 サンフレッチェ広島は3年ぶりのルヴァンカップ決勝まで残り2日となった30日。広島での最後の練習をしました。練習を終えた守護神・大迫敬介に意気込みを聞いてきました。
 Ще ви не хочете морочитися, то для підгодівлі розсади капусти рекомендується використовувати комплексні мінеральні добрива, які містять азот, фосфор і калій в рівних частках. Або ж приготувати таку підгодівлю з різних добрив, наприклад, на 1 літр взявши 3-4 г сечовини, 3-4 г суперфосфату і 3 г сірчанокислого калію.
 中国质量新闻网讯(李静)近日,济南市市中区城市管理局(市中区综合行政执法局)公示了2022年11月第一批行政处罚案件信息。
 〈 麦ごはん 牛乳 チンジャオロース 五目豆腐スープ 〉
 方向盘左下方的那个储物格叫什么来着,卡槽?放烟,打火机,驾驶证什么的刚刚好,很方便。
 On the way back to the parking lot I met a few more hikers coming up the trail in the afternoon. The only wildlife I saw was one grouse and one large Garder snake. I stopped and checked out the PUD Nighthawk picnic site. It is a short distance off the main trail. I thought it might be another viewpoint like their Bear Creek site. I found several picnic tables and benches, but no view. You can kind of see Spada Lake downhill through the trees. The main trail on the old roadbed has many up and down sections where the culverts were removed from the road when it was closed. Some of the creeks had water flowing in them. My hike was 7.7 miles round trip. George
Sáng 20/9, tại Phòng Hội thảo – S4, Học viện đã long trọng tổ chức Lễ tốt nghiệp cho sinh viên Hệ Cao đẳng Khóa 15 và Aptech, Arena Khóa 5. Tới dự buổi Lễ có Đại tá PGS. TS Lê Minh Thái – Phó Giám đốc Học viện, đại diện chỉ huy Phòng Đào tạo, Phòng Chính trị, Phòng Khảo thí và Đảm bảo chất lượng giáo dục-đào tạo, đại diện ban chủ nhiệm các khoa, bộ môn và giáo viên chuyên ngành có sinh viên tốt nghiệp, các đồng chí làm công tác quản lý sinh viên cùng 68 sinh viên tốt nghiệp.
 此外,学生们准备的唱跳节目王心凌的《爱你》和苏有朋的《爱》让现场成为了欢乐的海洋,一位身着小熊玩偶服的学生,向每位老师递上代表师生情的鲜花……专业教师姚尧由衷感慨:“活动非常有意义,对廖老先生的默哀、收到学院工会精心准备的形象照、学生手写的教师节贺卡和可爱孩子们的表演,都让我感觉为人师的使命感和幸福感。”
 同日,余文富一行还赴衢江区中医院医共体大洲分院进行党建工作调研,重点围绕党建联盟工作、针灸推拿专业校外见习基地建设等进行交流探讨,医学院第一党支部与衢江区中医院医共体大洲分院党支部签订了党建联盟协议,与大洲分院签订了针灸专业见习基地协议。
...
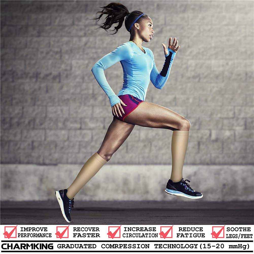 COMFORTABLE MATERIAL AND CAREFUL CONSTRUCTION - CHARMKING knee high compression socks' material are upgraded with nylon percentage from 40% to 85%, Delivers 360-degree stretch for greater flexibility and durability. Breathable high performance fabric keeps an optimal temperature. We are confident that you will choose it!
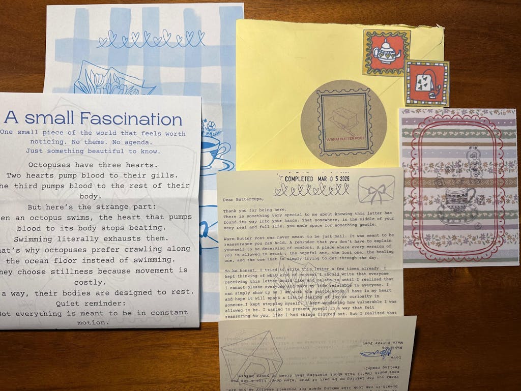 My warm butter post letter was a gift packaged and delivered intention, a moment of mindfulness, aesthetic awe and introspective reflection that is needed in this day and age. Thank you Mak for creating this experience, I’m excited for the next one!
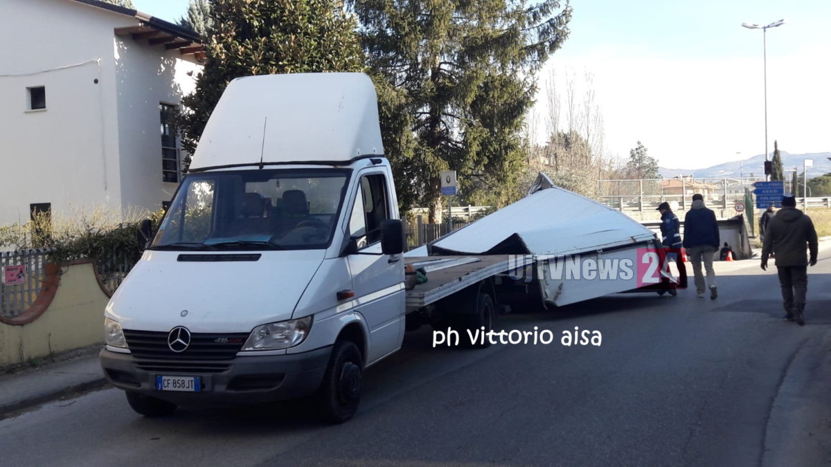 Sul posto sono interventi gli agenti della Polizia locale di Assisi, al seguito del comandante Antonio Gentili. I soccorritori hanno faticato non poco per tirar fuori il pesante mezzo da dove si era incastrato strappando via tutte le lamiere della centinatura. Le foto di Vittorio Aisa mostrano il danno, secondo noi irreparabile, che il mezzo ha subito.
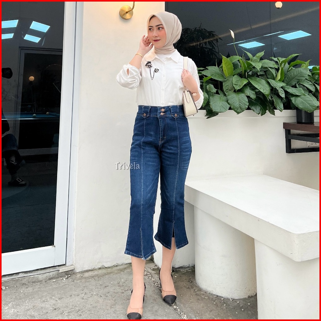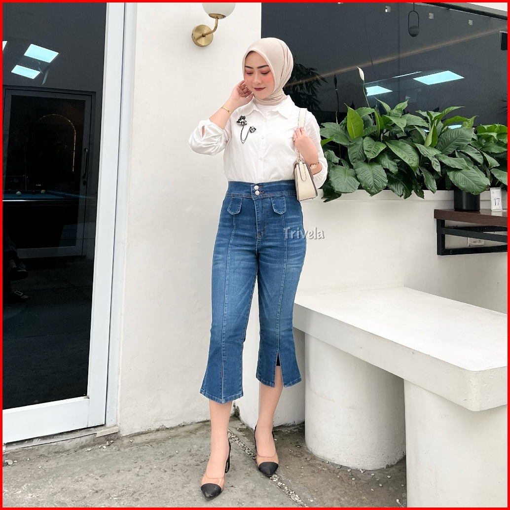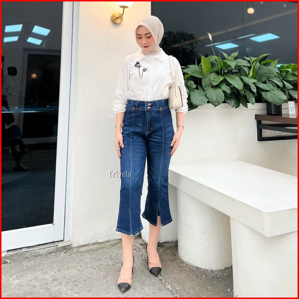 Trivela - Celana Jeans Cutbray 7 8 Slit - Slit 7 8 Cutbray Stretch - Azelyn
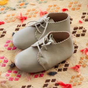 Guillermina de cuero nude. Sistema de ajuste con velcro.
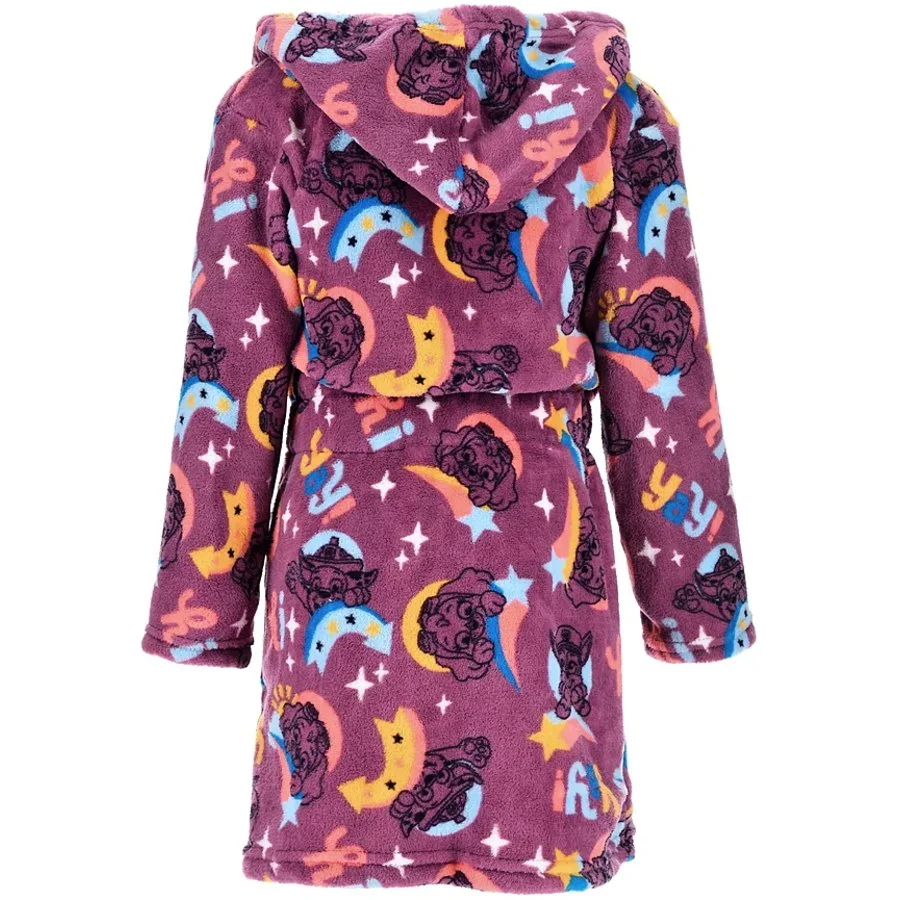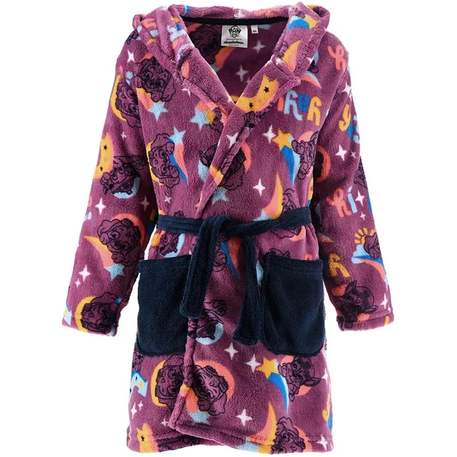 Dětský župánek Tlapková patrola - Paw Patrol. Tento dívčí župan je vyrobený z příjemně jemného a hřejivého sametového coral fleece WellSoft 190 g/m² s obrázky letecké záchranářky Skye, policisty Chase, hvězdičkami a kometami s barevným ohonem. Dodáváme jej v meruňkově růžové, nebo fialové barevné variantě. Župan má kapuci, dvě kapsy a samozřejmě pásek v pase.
---
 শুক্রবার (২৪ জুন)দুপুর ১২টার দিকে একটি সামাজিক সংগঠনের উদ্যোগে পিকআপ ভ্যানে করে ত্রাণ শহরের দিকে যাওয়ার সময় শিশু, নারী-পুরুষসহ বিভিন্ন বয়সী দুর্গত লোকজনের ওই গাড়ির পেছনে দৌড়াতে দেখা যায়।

→ Task objective
With the line that has "方向盘左下方的那个储物格叫什" as the first and the line that has "同日,余文富一行还赴衢江区中" as the last, repeat exactly that run of lines above and no more.

→ Task result
 方向盘左下方的那个储物格叫什么来着,卡槽?放烟,打火机,驾驶证什么的刚刚好,很方便。
 On the way back to the parking lot I met a few more hikers coming up the trail in the afternoon. The only wildlife I saw was one grouse and one large Garder snake. I stopped and checked out the PUD Nighthawk picnic site. It is a short distance off the main trail. I thought it might be another viewpoint like their Bear Creek site. I found several picnic tables and benches, but no view. You can kind of see Spada Lake downhill through the trees. The main trail on the old roadbed has many up and down sections where the culverts were removed from the road when it was closed. Some of the creeks had water flowing in them. My hike was 7.7 miles round trip. George
Sáng 20/9, tại Phòng Hội thảo – S4, Học viện đã long trọng tổ chức Lễ tốt nghiệp cho sinh viên Hệ Cao đẳng Khóa 15 và Aptech, Arena Khóa 5. Tới dự buổi Lễ có Đại tá PGS. TS Lê Minh Thái – Phó Giám đốc Học viện, đại diện chỉ huy Phòng Đào tạo, Phòng Chính trị, Phòng Khảo thí và Đảm bảo chất lượng giáo dục-đào tạo, đại diện ban chủ nhiệm các khoa, bộ môn và giáo viên chuyên ngành có sinh viên tốt nghiệp, các đồng chí làm công tác quản lý sinh viên cùng 68 sinh viên tốt nghiệp.
 此外,学生们准备的唱跳节目王心凌的《爱你》和苏有朋的《爱》让现场成为了欢乐的海洋,一位身着小熊玩偶服的学生,向每位老师递上代表师生情的鲜花……专业教师姚尧由衷感慨:“活动非常有意义,对廖老先生的默哀、收到学院工会精心准备的形象照、学生手写的教师节贺卡和可爱孩子们的表演,都让我感觉为人师的使命感和幸福感。”
 同日,余文富一行还赴衢江区中医院医共体大洲分院进行党建工作调研,重点围绕党建联盟工作、针灸推拿专业校外见习基地建设等进行交流探讨,医学院第一党支部与衢江区中医院医共体大洲分院党支部签订了党建联盟协议,与大洲分院签订了针灸专业见习基地协议。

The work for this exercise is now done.